_What you have to do_: Exclude the pictures. Transcribe, exactly as written, the lines from the one with "该款钱包以50%桑蚕丝云锦拼" through the end of the entries below.

(Records drawn from a dataset)
————
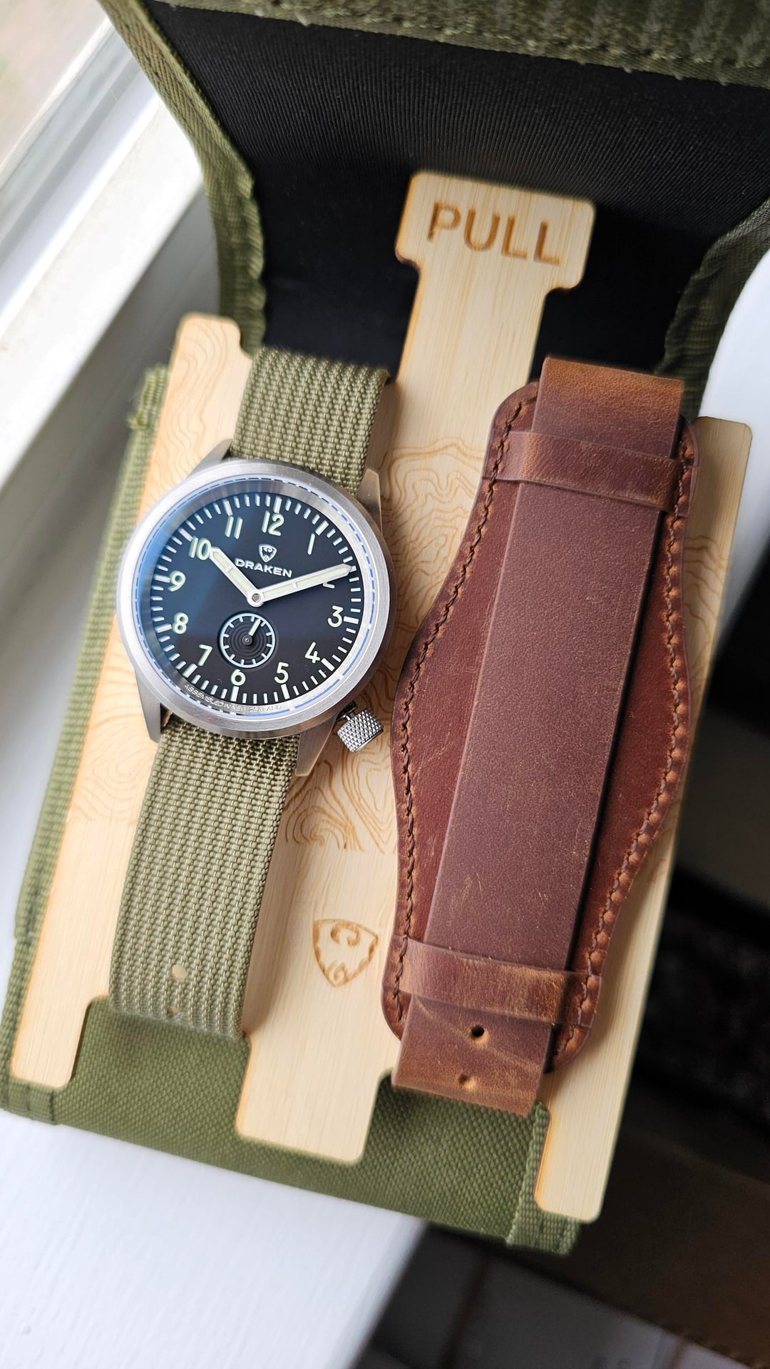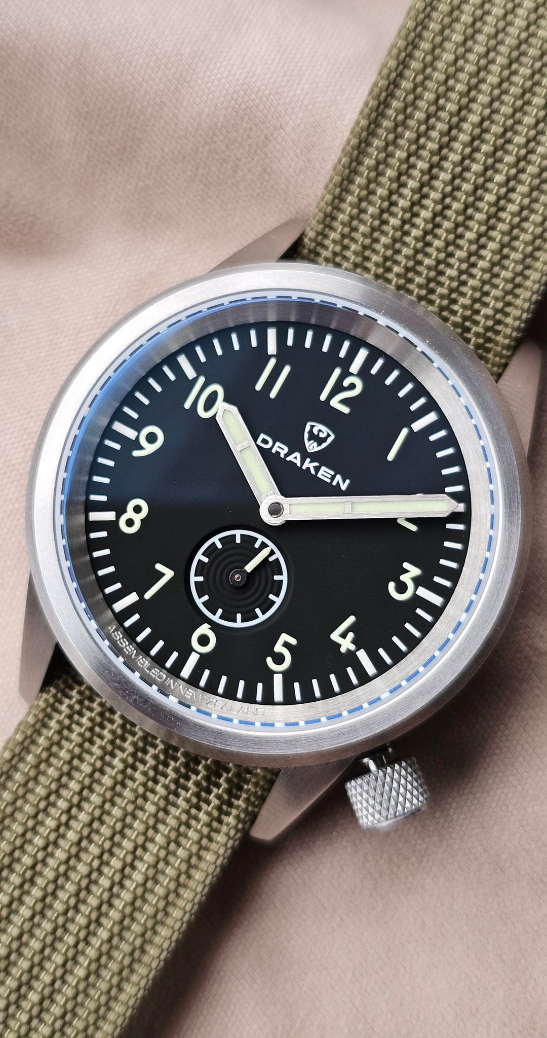 Hi again folks! For sale is a watch from my personal collection. It is one of the best value field watches from one of the best microbrands, the New Zealand based Draken Watches Aoraki Milspec. I have supported Steve since his early Kickstarter days and had the chance to meet him this year at District Time and pick this up. It’s gotten solid wear in my rotation but I plan to snag one of his Kruger models (or the upcoming Kalahari reboot) with the funds from this one! Assembled locally in New Zealand, this watch is packed with tons of features. With a 316L stainless 39mm x [46.mm](http://46.mm) x 12.35mm thick case and 20mm lugs, it wears perfectly on the wrist and is an absolute strap monster. It is 100m rated and fitted with an antimagnetic movement shield to withstand 20,000A/m. It has a flat sapphire with inner and outer antireflective -it’s crystal clear, incredible! It is powered by the Miyota 92S5 automatic with hacking and hand-winding, running accurately. The bicolor lume is awesome and there’s a really cool easter egg, the crown is lumed as well (see pics)! The watch is in near mint condition. The only tiny flaw I could find on it was a hairline on the side of the 7 o’clock lug that I couldn’t pick up in pictures. It passes as like new on the wrist, there are not any scratches in the antireflective coating. It comes with a leather single pass bund strap (never used), a nylon single pass strap (rarely used) and an awesome Molle pouch that you can use to store stuff during your adventures. Timestamp for Reddit: [https://preview.redd.it/wts-draken-aoraki-milspec-v0-j76d9ctkgi3g1.jpg?width=1080&crop=smart&auto=webp&s=0df45c01ed6e8f290b747d6d64476741d5881eff](https://preview.redd.it/wts-draken-aoraki-milspec-v0-j76d9ctkgi3g1.jpg?width=1080&crop=smart&auto=webp&s=0df45c01ed6e8f290b747d6d64476741d5881eff) These are currently sold out. Get a nice discount and avoid tariffs – I am asking $299 including shipping in the US. Not interested in trades at this time, trade offers will be ignored. Please message me with any questions or interest and thanks for looking!
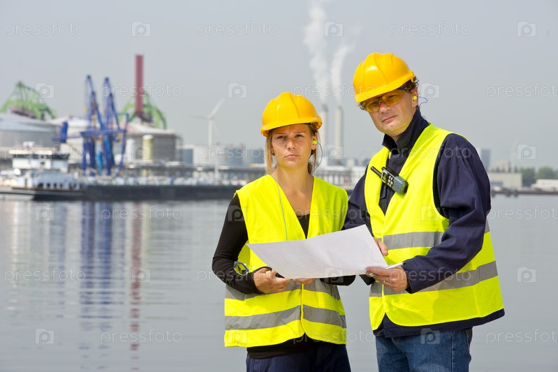 Два работника порта обсуждают чертежи строительства в промышленном порту
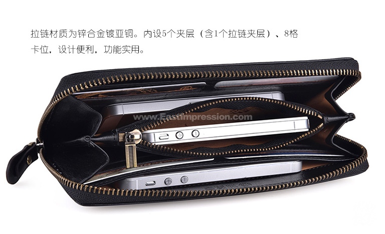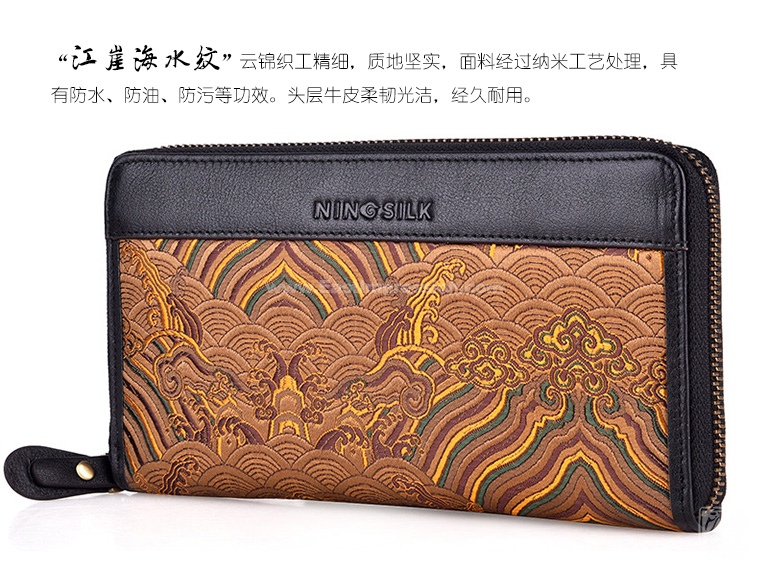 该款钱包以50%桑蚕丝云锦拼接100%头层牛皮为主材质。“江崖海水纹”云锦织工精细,质地坚实,面料经过纳米工艺处理,具有防水、防油、防污等功效。头层牛皮柔韧光洁,经久耐用。拉链材质为锌合金镀亚铜。内设5个夹层(含1个拉链夹层)、8格卡位,可归置纸币、硬币,还可放入手机、车钥匙之类的随身物品,拉链设计简单便利,实用功能超强。
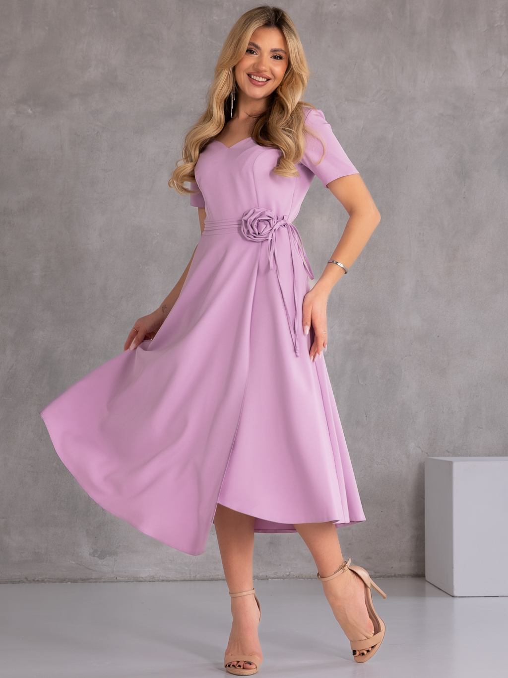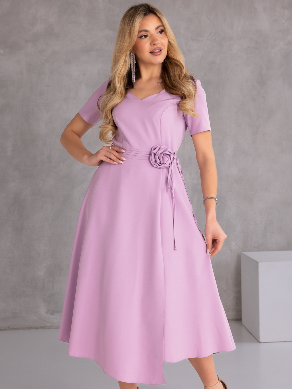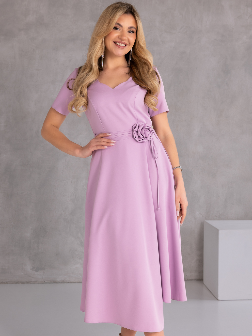 Elegancka sukienka midi, która zachwyca kobiecym fasonem i stylowymi detalami. Model posiada dekolt w literę V, który subtelnie podkreśla szyję i optycznie wysmukla sylwetkę. Wiązanie w talii pięknie akcentuje kobiece kształty, a dekoracyjna róża dodaje całości wyjątkowego i eleganckiego charakteru. Krótki rękawek sprawia, że sukienka doskonale sprawdzi się podczas cieplejszych dni i uroczystości. Model wyposażony jest w praktyczne kieszenie oraz zamek z tyłu, który ułatwia zakładanie.
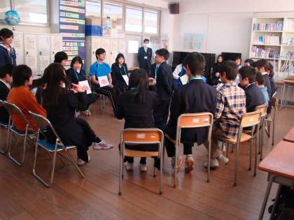 20日(金)C組では来年度の新入生を招いて交流会を実施しました。生徒が司会進行を務め、自己紹介、制服体験、フルーツバスケット、フライングディスク体験などを行いました。小学生は緊張した様子も見受けられましたが、4月からは仲間です。入学を楽しみにまっています。
————
_Solution to this exercise_:
 该款钱包以50%桑蚕丝云锦拼接100%头层牛皮为主材质。“江崖海水纹”云锦织工精细,质地坚实,面料经过纳米工艺处理,具有防水、防油、防污等功效。头层牛皮柔韧光洁,经久耐用。拉链材质为锌合金镀亚铜。内设5个夹层(含1个拉链夹层)、8格卡位,可归置纸币、硬币,还可放入手机、车钥匙之类的随身物品,拉链设计简单便利,实用功能超强。
 Elegancka sukienka midi, która zachwyca kobiecym fasonem i stylowymi detalami. Model posiada dekolt w literę V, który subtelnie podkreśla szyję i optycznie wysmukla sylwetkę. Wiązanie w talii pięknie akcentuje kobiece kształty, a dekoracyjna róża dodaje całości wyjątkowego i eleganckiego charakteru. Krótki rękawek sprawia, że sukienka doskonale sprawdzi się podczas cieplejszych dni i uroczystości. Model wyposażony jest w praktyczne kieszenie oraz zamek z tyłu, który ułatwia zakładanie.
 20日(金)C組では来年度の新入生を招いて交流会を実施しました。生徒が司会進行を務め、自己紹介、制服体験、フルーツバスケット、フライングディスク体験などを行いました。小学生は緊張した様子も見受けられましたが、4月からは仲間です。入学を楽しみにまっています。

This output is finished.